En los laberintos del poder, se ha instalado una narrativa tan antigua como dañina: la de los buenos contra los malos. Como si la historia fuera una obra de teatro de moral simplificada, donde un solo partido encarna la luz del progreso, la bondad y la voz del pueblo, mientras que los otros representan las sombras de la corrupción, el retroceso y la falsedad democrática.

Este maniqueísmo político -bien estudiado por psicólogos como George Lakoff, quien analizó cómo los marcos mentales determinan la percepción política del otro- no solo empobrece el pensamiento crítico, sino que incendia los puentes de la convivencia. Se crean trincheras invisibles en las cenas familiares, muros de sospecha en los cafés entre amigos y heridas abiertas en el corazón de la nación.

Y así, bajo el disfraz de la causa justa, se activa la estrategia más perversa de dominación: divide y vencerás. Pero ¿a qué precio? ¿Cuántas almas fracturadas deja este juego de espejos donde solo cabe el aplauso ciego o el odio visceral?

La política, cuando olvida su raíz ética, se convierte en teatro de máscaras donde el diálogo se reemplaza por la consigna y el adversario por el enemigo. Se infla el ego colectivo de “los nuestros” mientras se demoniza al otro. Pero esta fractura no es solo ideológica, es emocional, espiritual, afectiva. Nos rompe por dentro, nos separa del vecino, del hermano, del país que fuimos.

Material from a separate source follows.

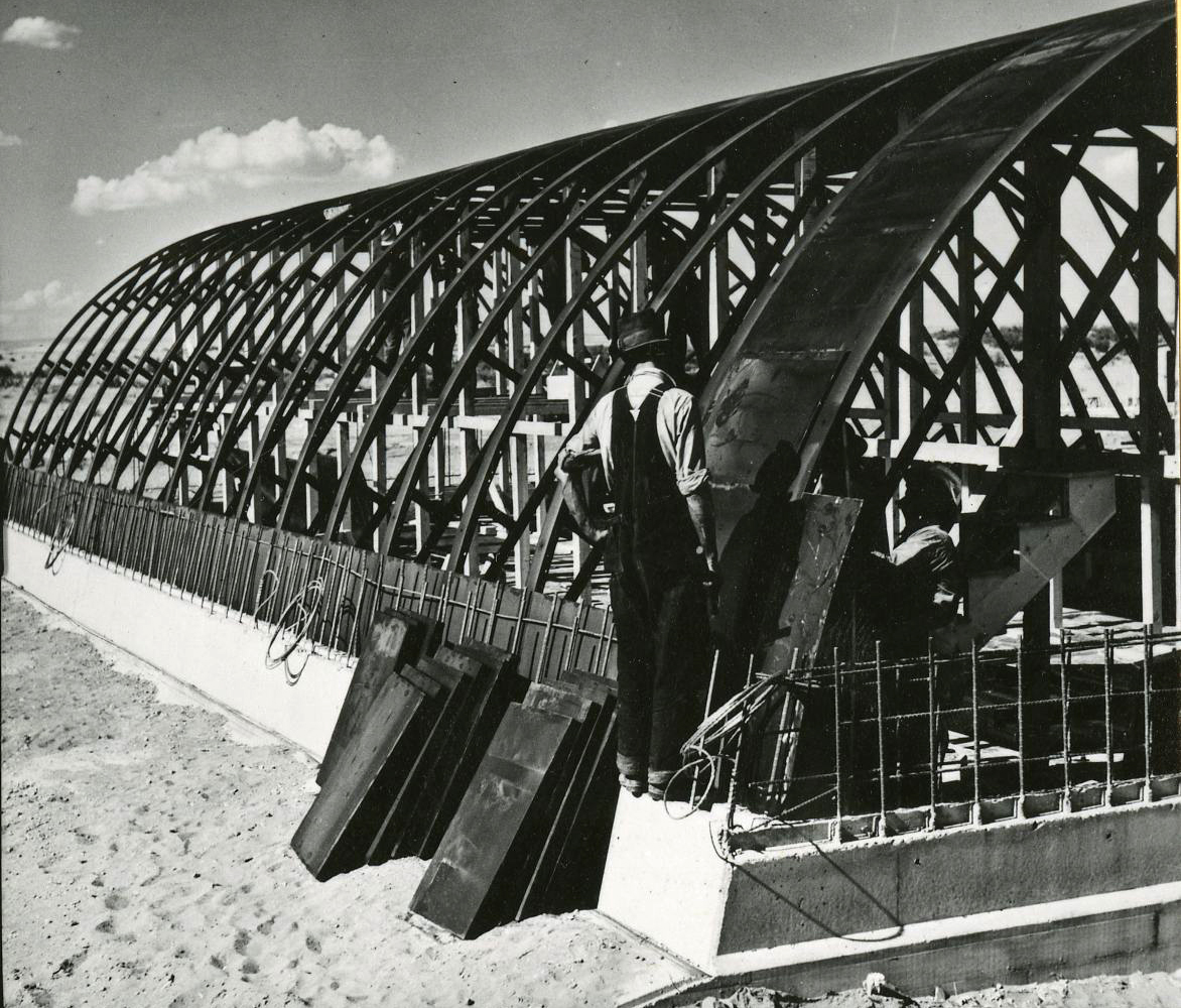 ![]()  Men work on the steel-enforced concrete igloo, 1941. Courtesy Oregon Hist. Soc. Research Lib., 013046

¿Hay salida? Sí. La esperanza no ha sido exiliada. Está en la voz que escucha, en el ciudadano que no repite, sino que reflexiona. Está en el reconocimiento humilde de que ningún partido posee la verdad absoluta y que todos, incluso los que pensamos distintos, anhelamos un país más justo, más humano, más nuestro.

Proponemos volver a practicar la conversación sin gritos, la crítica sin odio, el pensamiento sin consignas. Sanar la herida es reaprender a mirarnos sin etiquetas. Reconocer que lo que nos une -la dignidad, el deseo de paz, el anhelo de bienestar- es más fuerte que la propaganda que nos divide.
Porque solo una sociedad que se abraza después de la tormenta puede reconstruir su hogar común. Y porque no hay bandera que valga más que la unidad encendida del pueblo que sabe pensar críticamente… pero también amar.